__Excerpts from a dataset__
::::

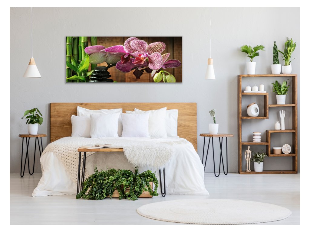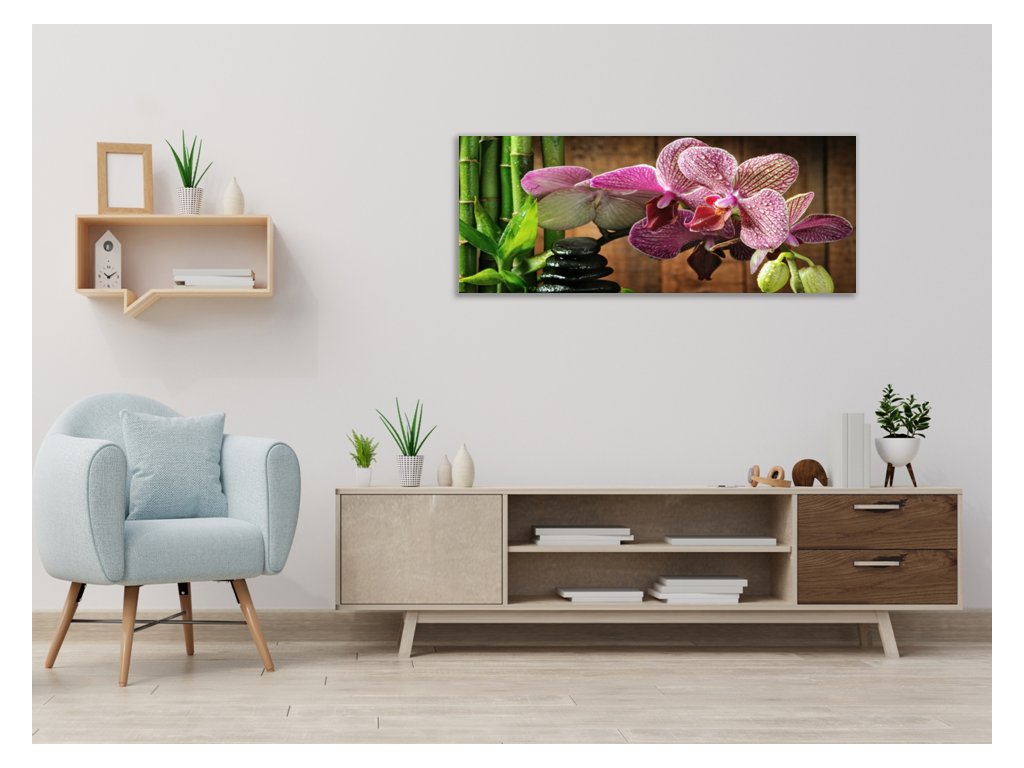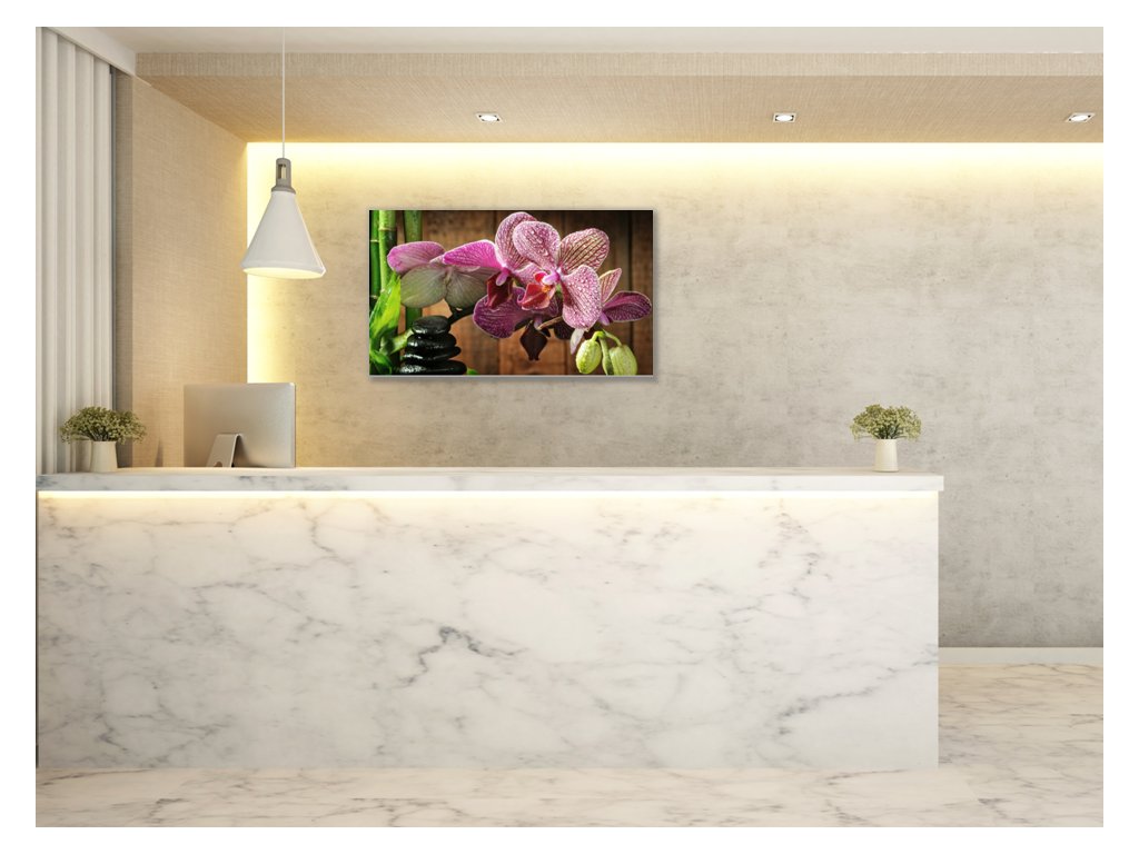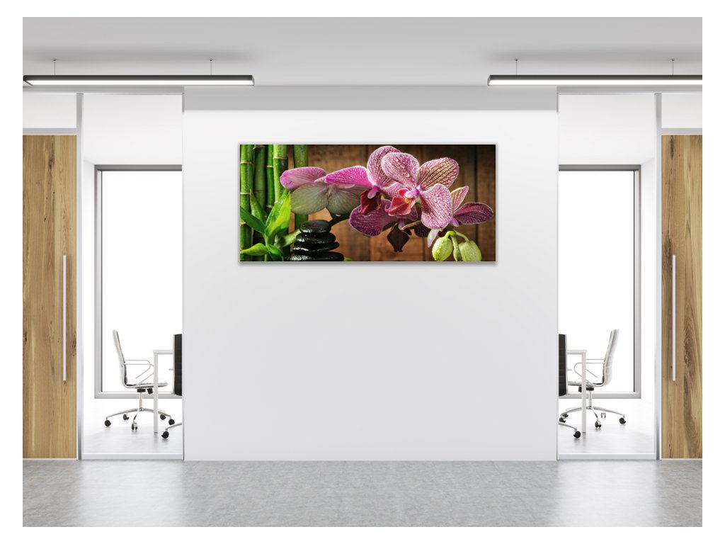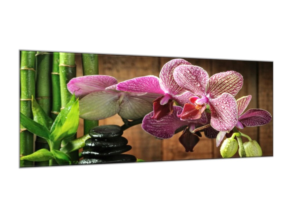 Obraz skleněný květ růžová orchidej bambus a zen kámen
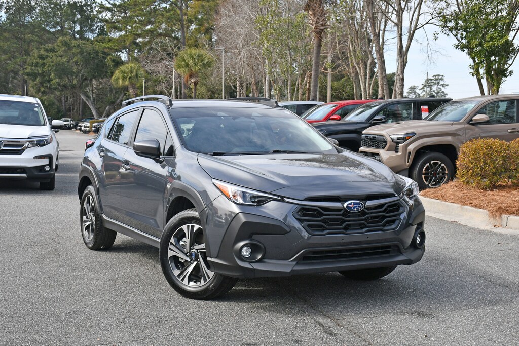 ***Stokes Toyota Hilton Head*** 2024 Subaru Crosstrek Premium in Magnetite Gray Metallic, Factory Equipped With: Power Windows, Power Locks, Cruise Control, Remote Keyless Entry, 8-Way Power Drivers Seat, Integrated Back Up Camera, Alloy Wheels, 6 Speakers, ABS brakes, Air Conditioning, Alloy wheels, Automatic temperature control, Bumpers: body-color, Driver door bin, Dual front impact airbags, Dual front side impact airbags, Front Bucket Seats, Front Center Armrest, Front dual zone A/C, Low tire pressure warning, Panic alarm, Power door mirrors, Power steering, Power windows, Rear window wiper, Speed control, Steering wheel mounted audio controls, Tilt steering wheel, Trip computer, Turn signal indicator mirrors, Variably intermittent wipers. CARFAX One-Owner. Clean CARFAX.
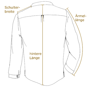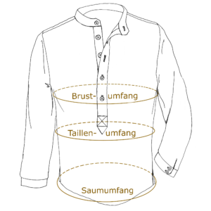Anhand der Größentabelle kannst Du die richtige Passform wählen. Die angegebenen Maße sind die des Hemdes und keine Körpermaße. Bedenke, dass Du in Deinem Hemd Bewegungsfreiheit benötigst.
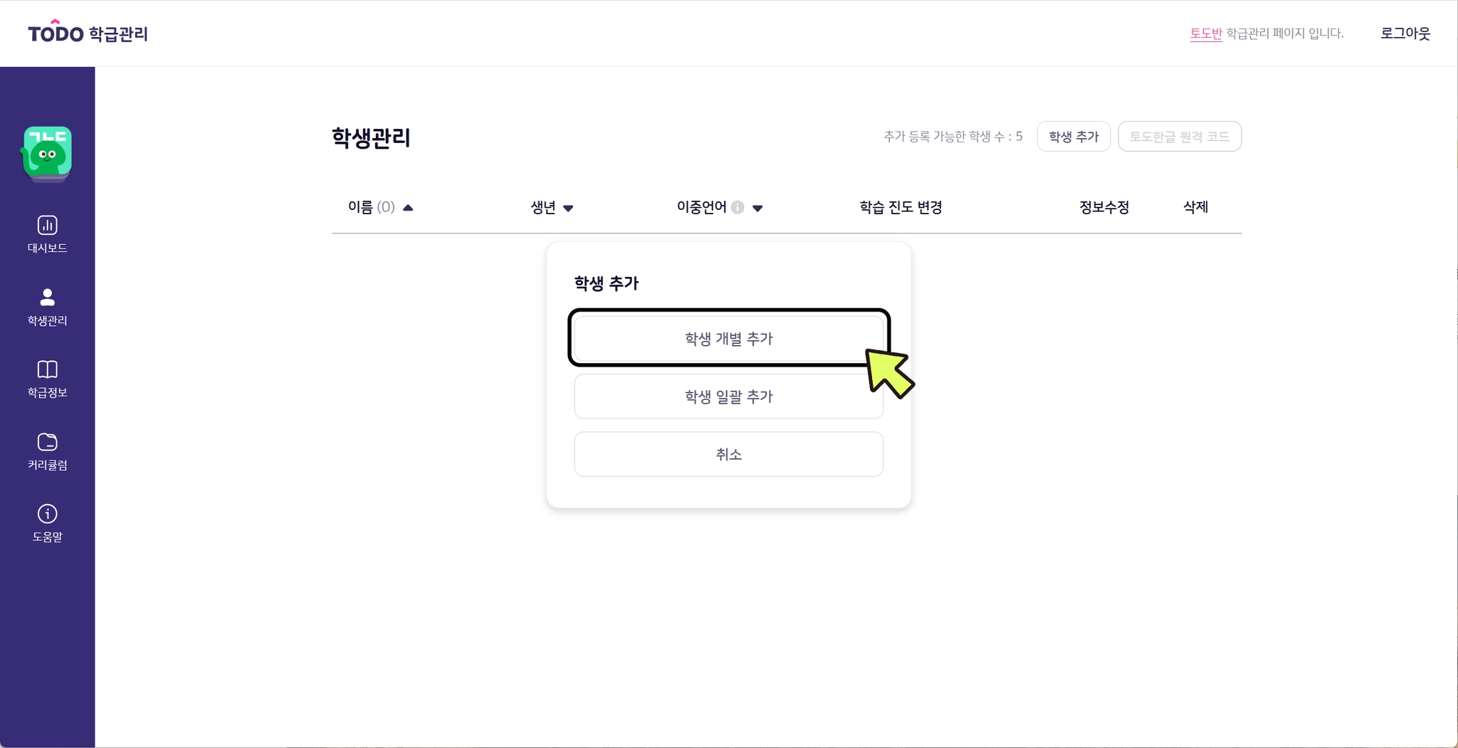 3. [학생 개별 추가]를 클릭합니다.
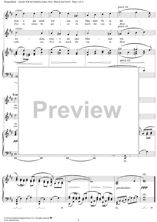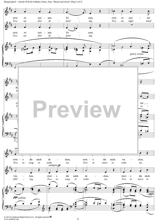 Digital Sheet Music for Abends Will Ich Schlafen Gehen - from "Hänsel und Gretel" by Engelbert Humperdinck, A. Wette, A. Pero scored for Voice/Piano; id:266143
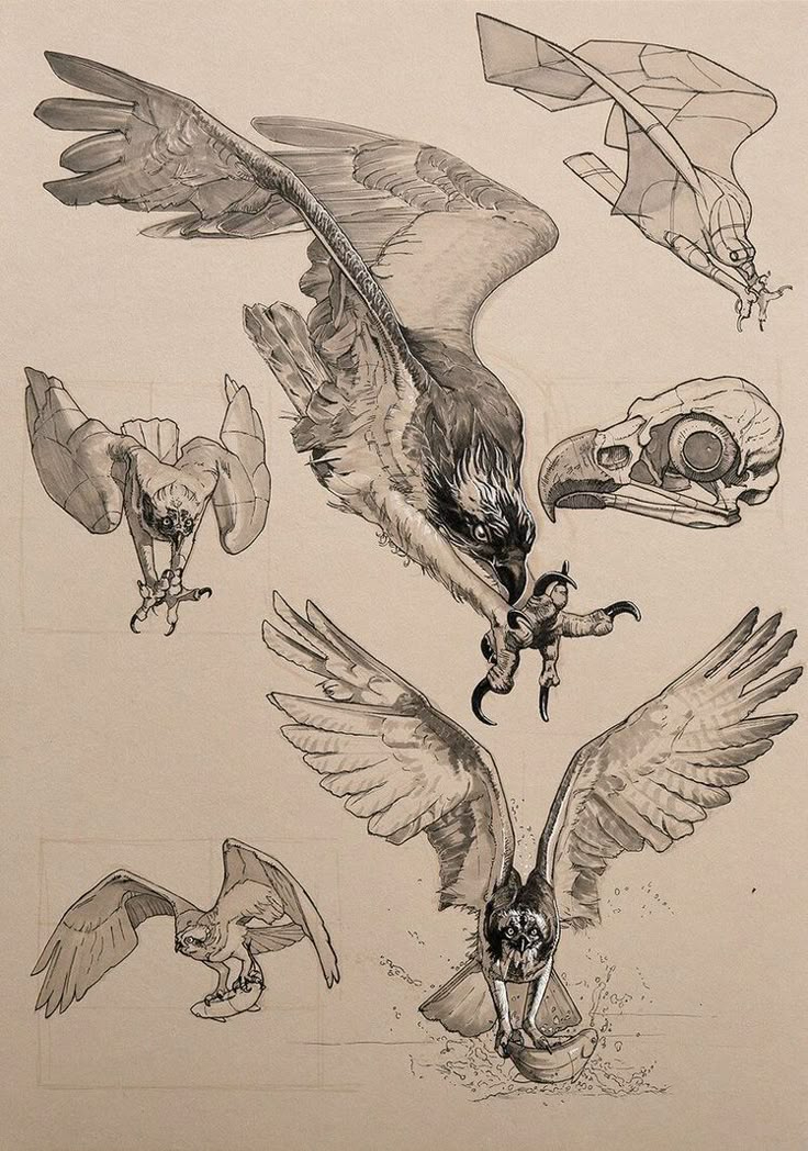 Ok je vois, super intéressant cette réf !! Si j'ai bien compris la pose que tu as choisie, c'est celle où l'oiseau est "plié" en deux, au plus fort de l'attaque. Je ne suis pas du tout un expert en perspective (ou en oiseaux^^), mais voilà une proposition très basique et schématique de comment je vois les choses : Tu as opté pour la forme 1, je pense que ça ressemblerait plutôt à la 2 ? C'est juste une histoire de où finissent les plumes de bout d'aile je pense ? Genre ça m'étonnerait qu'elles reviennent autant vers l'extérieur que sur la 1 ? À voir d'autres avis ! - Aujourd'hui
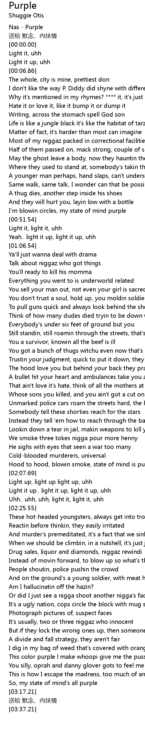 | [02:03.95] | Hood to hood, blowin smoke, state of mind is purple |

::::

__Work item__
Reproduce the lines from the one holding "Ok je vois, super" through the end of the entries above exactly, keeping both ends and dropping every picture.

__Answer below__
 Ok je vois, super intéressant cette réf !! Si j'ai bien compris la pose que tu as choisie, c'est celle où l'oiseau est "plié" en deux, au plus fort de l'attaque. Je ne suis pas du tout un expert en perspective (ou en oiseaux^^), mais voilà une proposition très basique et schématique de comment je vois les choses : Tu as opté pour la forme 1, je pense que ça ressemblerait plutôt à la 2 ? C'est juste une histoire de où finissent les plumes de bout d'aile je pense ? Genre ça m'étonnerait qu'elles reviennent autant vers l'extérieur que sur la 1 ? À voir d'autres avis ! - Aujourd'hui
 | [02:03.95] | Hood to hood, blowin smoke, state of mind is purple |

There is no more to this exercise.